На слово ропот подвертывалось, почему-то, неприличное слово. Платон усердно искал другие и не находил, а неприличное лезло все назойливее, казалось, что стул требует именно это пошлое словечко, не соглашаясь с другими. Платон задумался: вот и слова, даже самые простые имеют, так же, как все вещи, свой характер, свои упрямые требования. Все связано, спутано, и только Лесли Мортон умеет разрывать эти путы и связи.
Думать об этом было интересно, но не удалось; дверь за спиною Платона скрипнула, из черной щели высунулась маленькая, гладкая головка очковой сестры Анания; придерживая тело свое рукою, похожей на лапку ящерицы, сестра ядовито зашипела:
— Вы, молодой человек, напрасно сопите…
— Как? — спросил Платон.
— Так. Вы сопите совершенно напрасно: все сосчитано и записано.

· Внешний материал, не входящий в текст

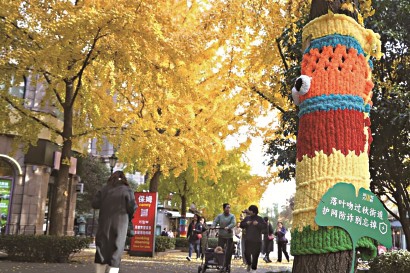 步道两旁,十余株银杏树悄悄换上了手工编织的彩色毛衣。这些毛衣质地柔软,色彩明快,织着可爱的卡通图案,在满目金黄的季节里,添上一抹治愈的暖意。走近看,毛衣上悬挂着小巧的亚克力标牌,如同一枚枚落在织物上的“知识书签”。上面写着简洁易懂的普法短句:“秋日金叶轻轻摇,少年上网要牢记”“金黄满街映秋意,净网护苗暖心底”……毛衣为树御寒,标语为孩子护航,法律不再是遥远的条文,而是像这毛线一般,织进生活肌理里的柔软守护。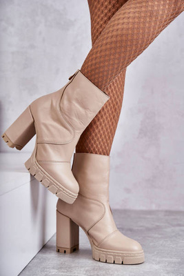 Fashionable Leather Boots On Chunky Heels Beige Meggie

— Что такое — записано? — спросил Платон сердито, испуганно.
— Все, все вещи и часы, да-с. Запись у меня. И пожалуйста не выдумывайте глупостей. Есть полиция и есть суд.
Платон повернулся к ней спиною, обиженно пробормотав:
— Я вас не касаюсь.
Очковая шипела:
— И не смеете, и не можете. Всем известно, что покойник был полуумный, есть свидетели!
Она чихнула и на этот раз так грозно, что загудели боевые пружины всех стенных часов. А притворяя дверь, старуха напомнила:
— Есть суд.
Тихонько обругав ее, Платон посмотрел на стихи: они были написаны кривыми строчками, напоминали развалившийся забор и было в них что-то неприятно рыжее, это, конечно, от чернил. На стихах о пожарном сидел таракан, поводя усами, казалось, он читает и ему не нравятся стихи; Платон сшиб его щелчком и начал ставить крестики на каждую букву, буквы приняли сходство с мухами, тогда он стал приделывать буквам усики и на бумаге явились ряды тараканов. Уничтожив стихи, Платон написал четко и твердо: «Таракан не вреден, а противный и ни к чему».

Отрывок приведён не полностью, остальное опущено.